→ **GOAL OF THE EXERCISE**
When you return the lines below, go from the first through the line with "Antique Victorian 9ct", keep them exact, and leave out every picture.

→ **DATASET CONTENT**
::::
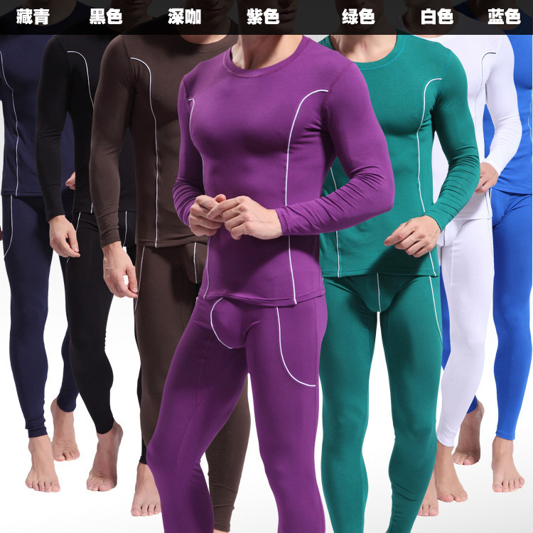 秋冬新款薄款紧身男士保暖内衣套装莫代尔柔软高弹力圆领性感中腰
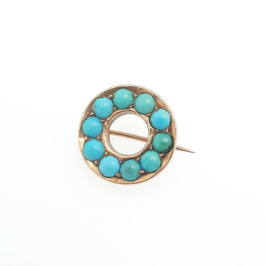 Antique Victorian 9ct Gold Turquoise Brooch Infinity Circle Donut Polo Solid 375 9k Natural Gemstones Halo Vintage Jewelry Jewellery Vintage
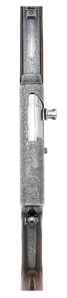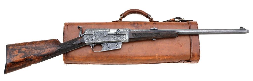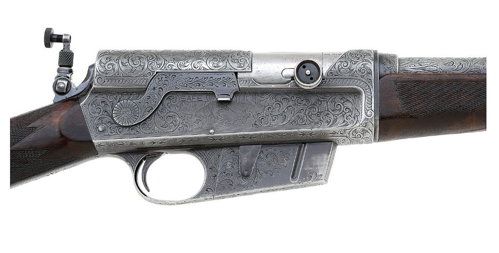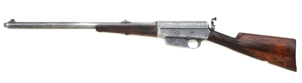 serial #21982, 35 Remington, 22'' barrel with a bright very good plus bore showing a little mild oxidation and frosting in the grooves with otherwise strong rifling throughout. This is a rather early F-Grade (also known as No. 6 or Premier Grade) made in early 1911. The rifle has seen honest use by its former owners who obviously appreciated it as both a fine work of art and a practical tool. Nevertheless, this example remains a fine showcase of Remington's wonderful factory engravers, renowned for their bold style and meticulous detail. The metal surfaces retain perhaps 30% original blue scattered about the more protected areas with overall toning to a pleasant mix of smoky gray and mild gunmetal patina and showing some sparsely scattered thin scratches and other light handling marks from the field. The factory embellishments remain completely intact and crisp showing wonderful flowing foliate scrollwork of the finest quality throughout the action and extending into the barrel jacket shank. This is accented by very fine punch-dot background shading and popular motifs of the time abound including shell-style bordering, starbursts, crosshatching and a nice wide acanthus pattern along the jacket shank. The ''SAFE'' marking lies within a parchment scroll. The lovely game scenes consist of a waterside buck and doe on the left, triumphant bear over a buck on the right and profile of a bear head atop the action. The deluxe checkered straight grip Circassian walnut buttstock and forend remain in about very good plus condition showing no signs of refinishing or cleaning, but just maintaining an honest appearance overall with signs of moderate use commensurate with the balance of the arm, the expected scattered dings and smoothing of the checkering overall. The sides of the buttstock exhibit some wonderful rich grain figure and a great deal of original varnish, the gold monogram plate along the toe line engraved with no doubt the original owner's information ''E. A. / WOODMAN / NEWPORT / ORE.'' The original hard rubber buttplate is intact showing a thin 2'' crack along its left edge and some dings at the toe. The rifle is sighted with a Lyman receiver sight with medium aperture disc, flip-up white diamond rear sight and Marble's Sheard brass bead front sight. The rifle also includes a very rare original leather case with locking buckle. The case remains in about very fine condition showing some mild staining and scuffs along the exterior, the handle attachments with some small tears forming and scattered areas where the stitching has been repaired. The lid closure strap is a later replacement and there was once a monogram plate in the center of the body that has been lost to the years. The interior is green felt and was probably relined at some point but is otherwise correct with two compartments nicely fitted for the taken-down rifle. This grade of Model 8 rarely comes up for sale and is always desirable; this is a fine honest example for the Remington collector. (13F11696-2) {C&R} (6000/8000)
::::
→ **ANSWER SPACE**
 秋冬新款薄款紧身男士保暖内衣套装莫代尔柔软高弹力圆领性感中腰
 Antique Victorian 9ct Gold Turquoise Brooch Infinity Circle Donut Polo Solid 375 9k Natural Gemstones Halo Vintage Jewelry Jewellery Vintage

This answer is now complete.